The case for organizations in other industry sectors is similar. The needs for metadata may be very different and even more diverse. Beyond controlled vocabularies, many enterprises develop and use all sorts of master and reference data, e.g., supplier lists, points of sale, product catalogues, etc. Still, these are used to provide better quality metadata, which allows employees to spend less time in finding a piece of information and to navigate company records and other databases more smoothly. And it is metadata that can serve to efficiently capture, manage and most importantly integrate enterprise data in data fabric. Serving as a reliable useful packaging for enterprise data, metadata facilitates quick and thorough sifting through research academic papers or even better writing experience for journalists and readers alike.

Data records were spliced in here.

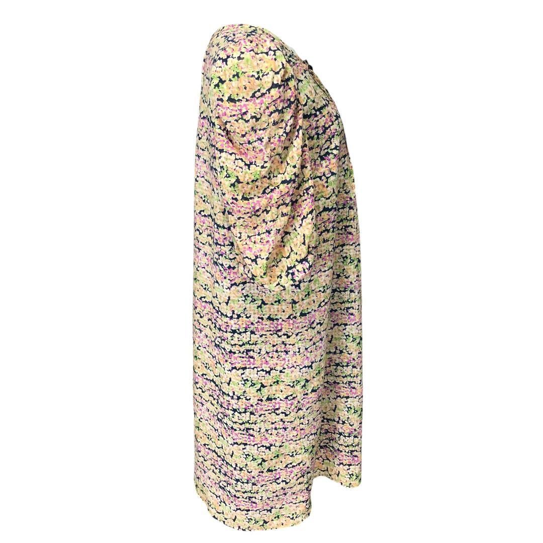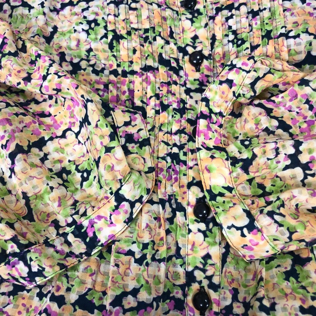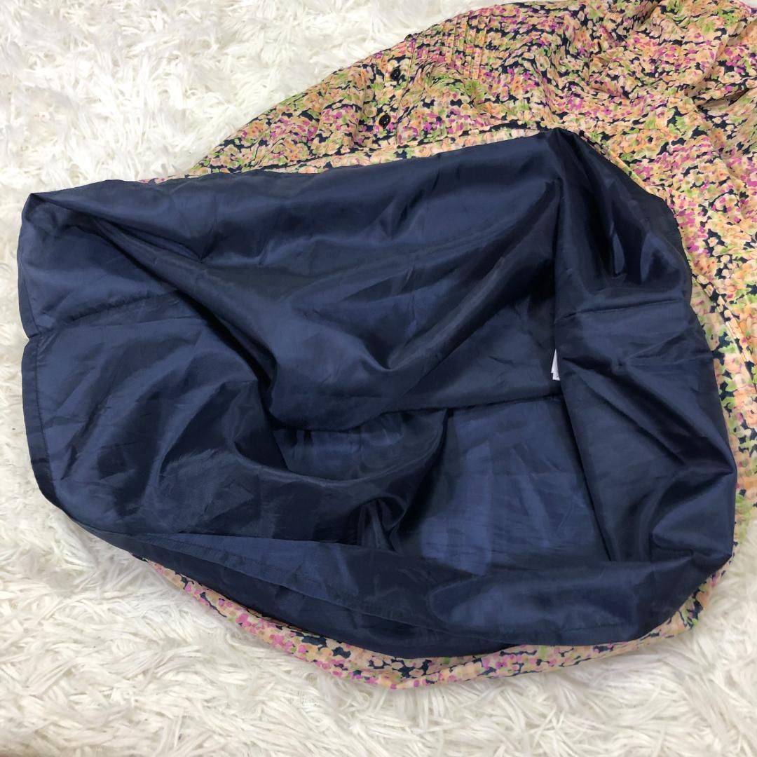 水彩画で描いたような柔らかい雰囲気の花柄にタックが入っています。袖はフリルスリーブで、二の腕をカバーしつつフェミニンな印象を与えます。スカート部分は動きに合わせてふわっと揺れるシルエットです。サイドにベルトループがあります。
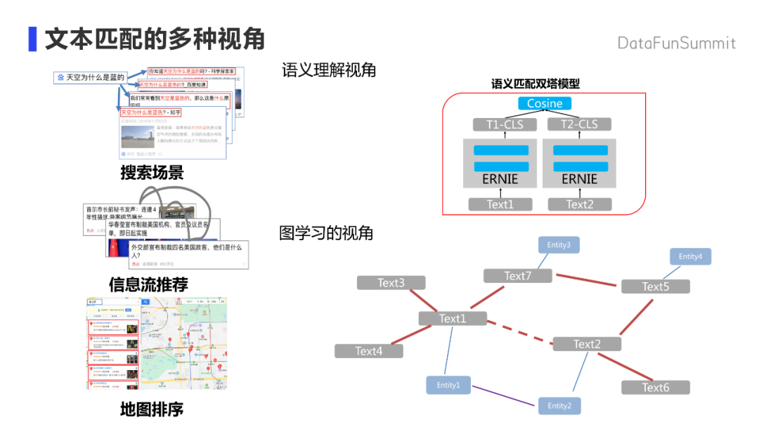 文本语义匹配问题是较常见的语义理解任务,也是在工业界比较常见的一个场景,如搜索,推荐,排序任务上都会涉及相关的技术。文本匹配有多种视角。第一种视角是语义理解视角,从纯文本的角度去理解。常用的方法如用语义匹配的双塔模型直接对一个文本进行建模,然后去评估两个文本的相似度;第二种视角是图学习视角。与学术场景不同的是,工业界搜索引擎和推荐系统具有丰富的知识,如在推荐系统中的点击序列,搜索的点击与文章标题的关系,文章百科类知识等都有丰富的非结构化信息。常见的文本可以通过图的方式来连接起来。如果所有的文本都可以通过某种方式来组织成一张文本图网络的话,文本匹配在图视角来看就变成链接的预测问题。
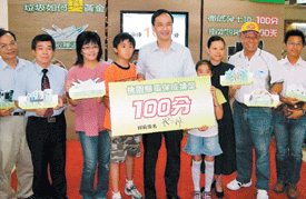 桃園縣長朱立倫(左五)昨天與環保人員,鼓勵民眾回收有害廢棄物,提煉貴金屬。吳佩玲攝
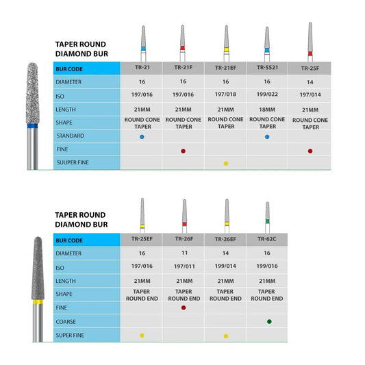 Pivo Taper Round End CA Diamond Burs - TR (Pack Of 5)
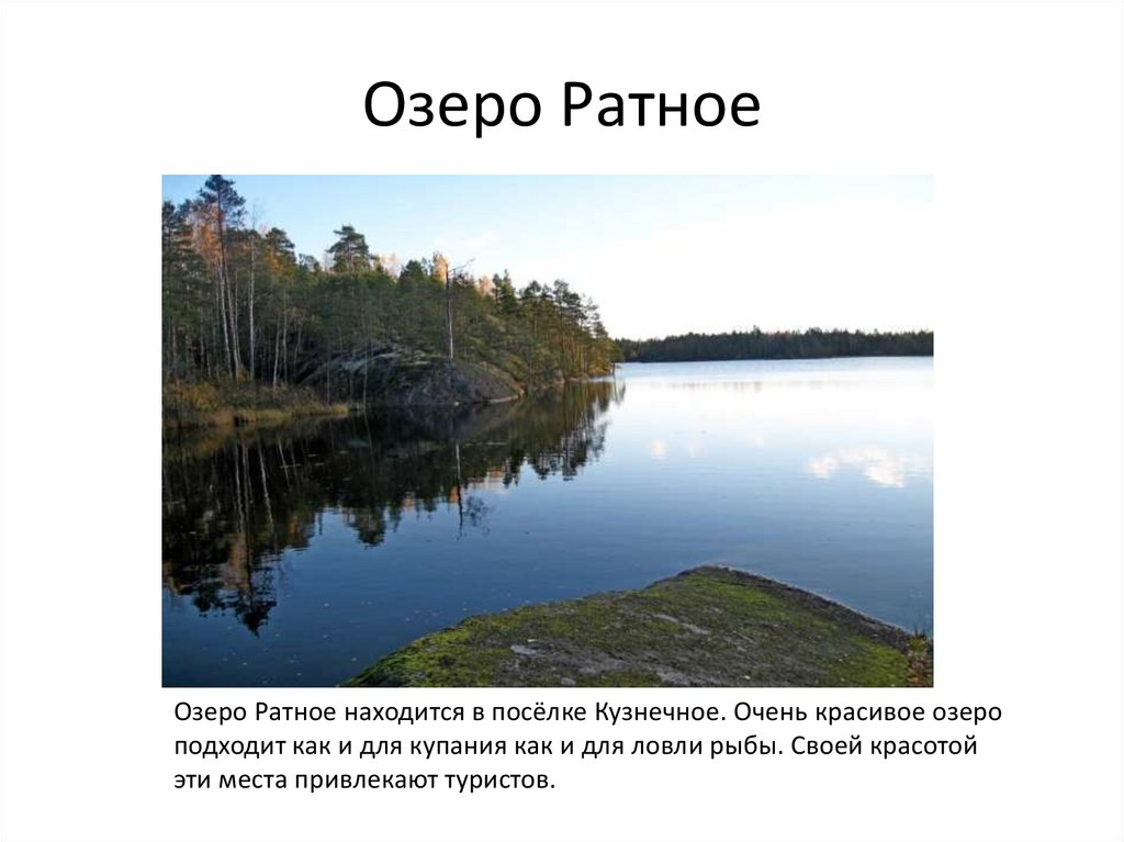 Озеро РатноеОзеро Ратное находится в посёлке Кузнечное. Очень красивое озеро
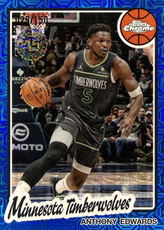 ANTHONY EDWARDS 2025-26 TOPPS CHROME SILVER PACK 1980 45TH BLUE /150 Q5829
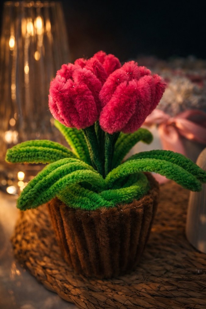 Yumuşak kırmızı çiçekler ve yeşil yapraklarla el yapımı, dokulu malzemeden bohem tarzda dekoratif saksı. El yapımı saksılı çiçek Buket’i Solmayan dökülmeyen İstenilen tarzda çalışılır
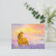 This hand painted watercolor postcard features a gentle cognac brown horse standing quietly in a soft lavender field beneath a glowing sunset sky. Created with calming color, open space, and delicate detail, this peaceful equestrian design captures the quiet beauty of horse and landscape. A lovely choice for horse lovers, nature enthusiasts, and anyone who appreciates serene watercolor artwork.
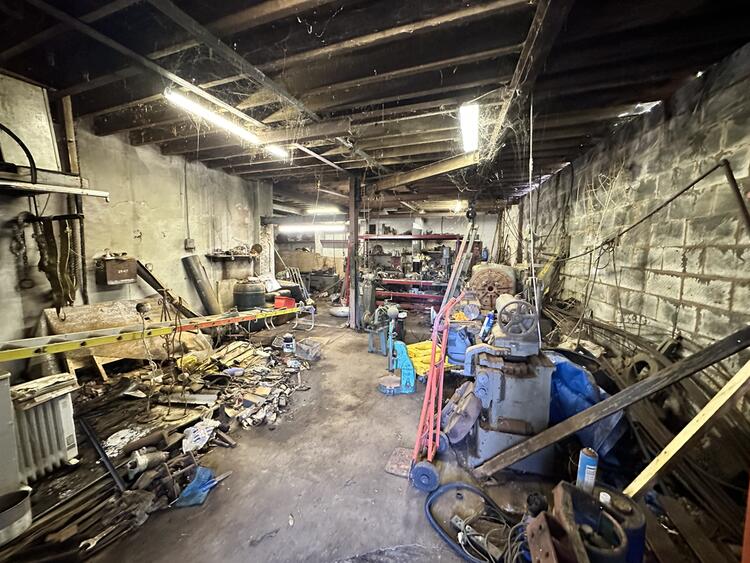 A former engineering metal spinning works with gated deep frontage approach/parking area.
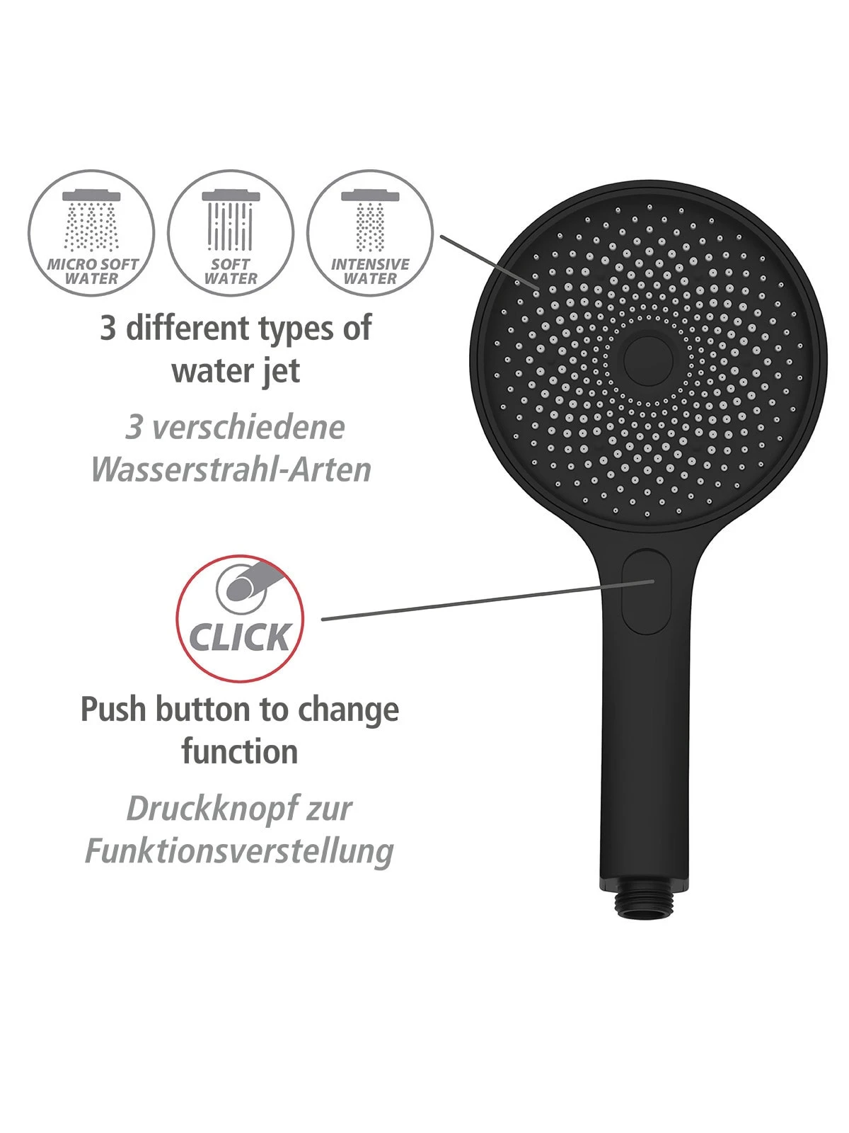 – Handbrause mit 3 Funktionen
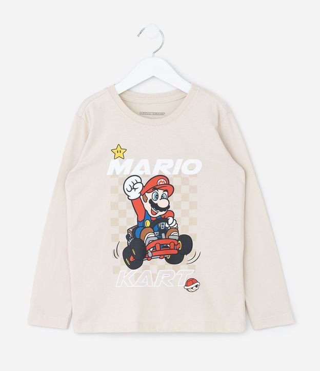 Camiseta infantil modelo regular confeccionada em algodão certificado BCI. Possui gola redonda, mangas longas e estampa localizada do universo Mario Kart com grid xadrez e ícones clássicos do jogo, criando visual divertido e moderno para compor looks casuais.
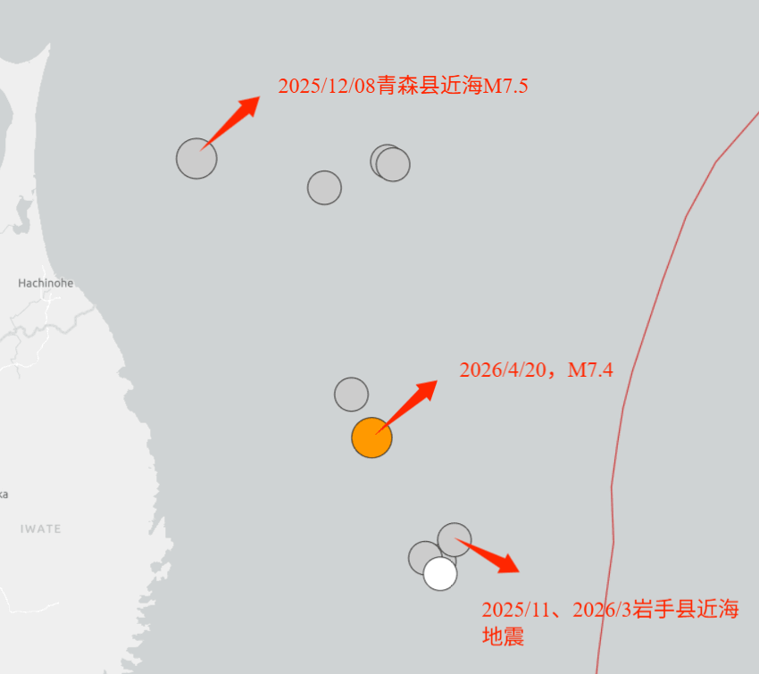 2026年4月20日,一场Mj7.7(Mw7.4)地震发生在日本岩手县宫古市东北偏东100km处。震源机制解表明,这场地震由北美板块和太平洋板块交界的逆冲断层引发,属于板间地震。矩心深度为地下21.6km,属于浅源地震。
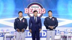 프로야구 두산 이승엽 감독(가운데)과 허경민, 양의지가 30일 그랜드하얏트서울 그랜드볼룸에서 열린 '2023 신한은행 쏠 프로- 2023-03-30 14:56
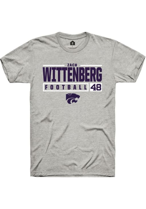 Zach Wittenberg Ash K-State Wildcats NIL Stacked Box Short Sleeve T Shirt
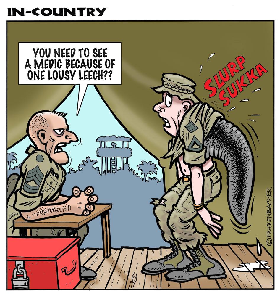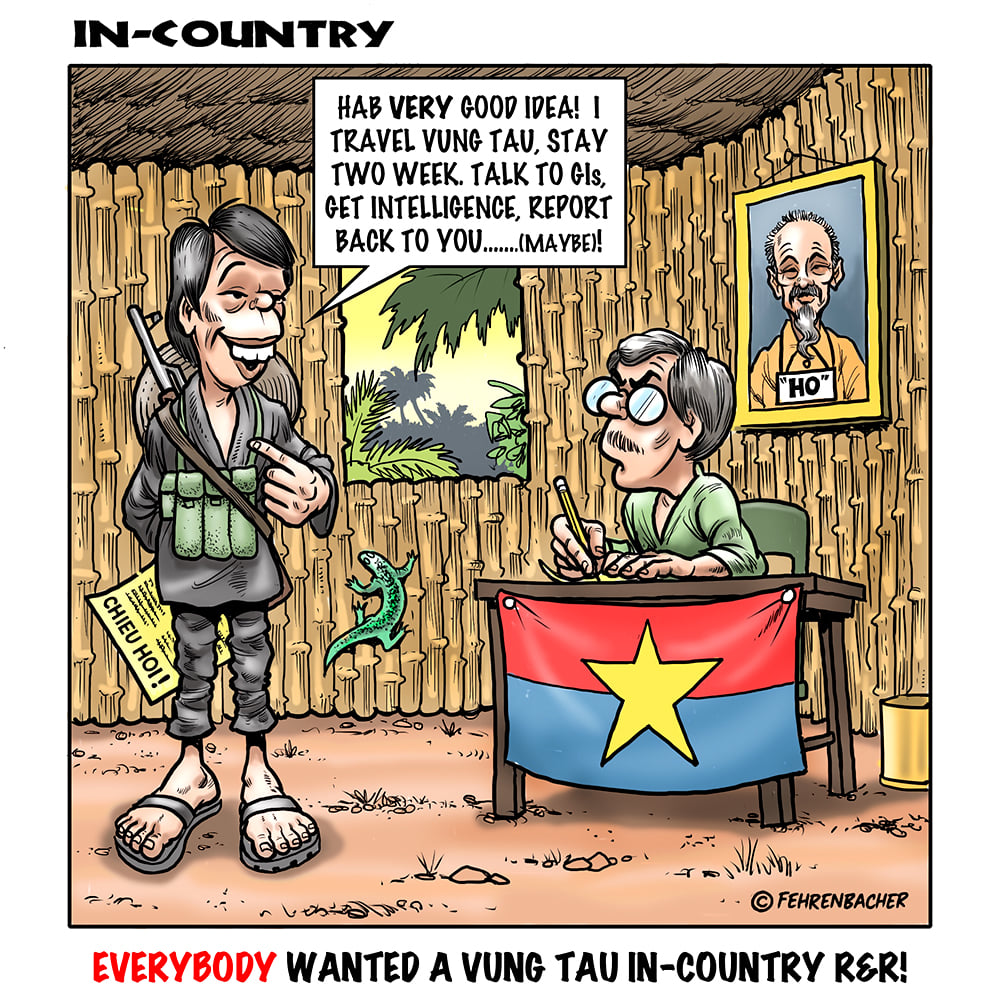 Phil enlisted in the Army in 1965 where you served for years in Vietnam. He became a graphic designer and has worked for the state of Oregon for 26 years. He retired in 2003 and started the Cartoon "In-Country". The cartoons reflect his experiences during his tour of duty in South Vietnam.

The more information-intense our digital environments are becoming, the greater the need for well-packaged information.
Metadata, just like packaging, helps us use things more efficiently. In the case of metadata these things are digital objects. Metadata enhances the use of digital information and in terms of enterprise data, makes data easily accessible, usable and visible by stakeholders.
The more elaborate and sophisticated the metadata about data, the better data travels across information roads and cyberscapes, nicely packaged, ready to ascend the DKIW pyramid and turn into knowledge.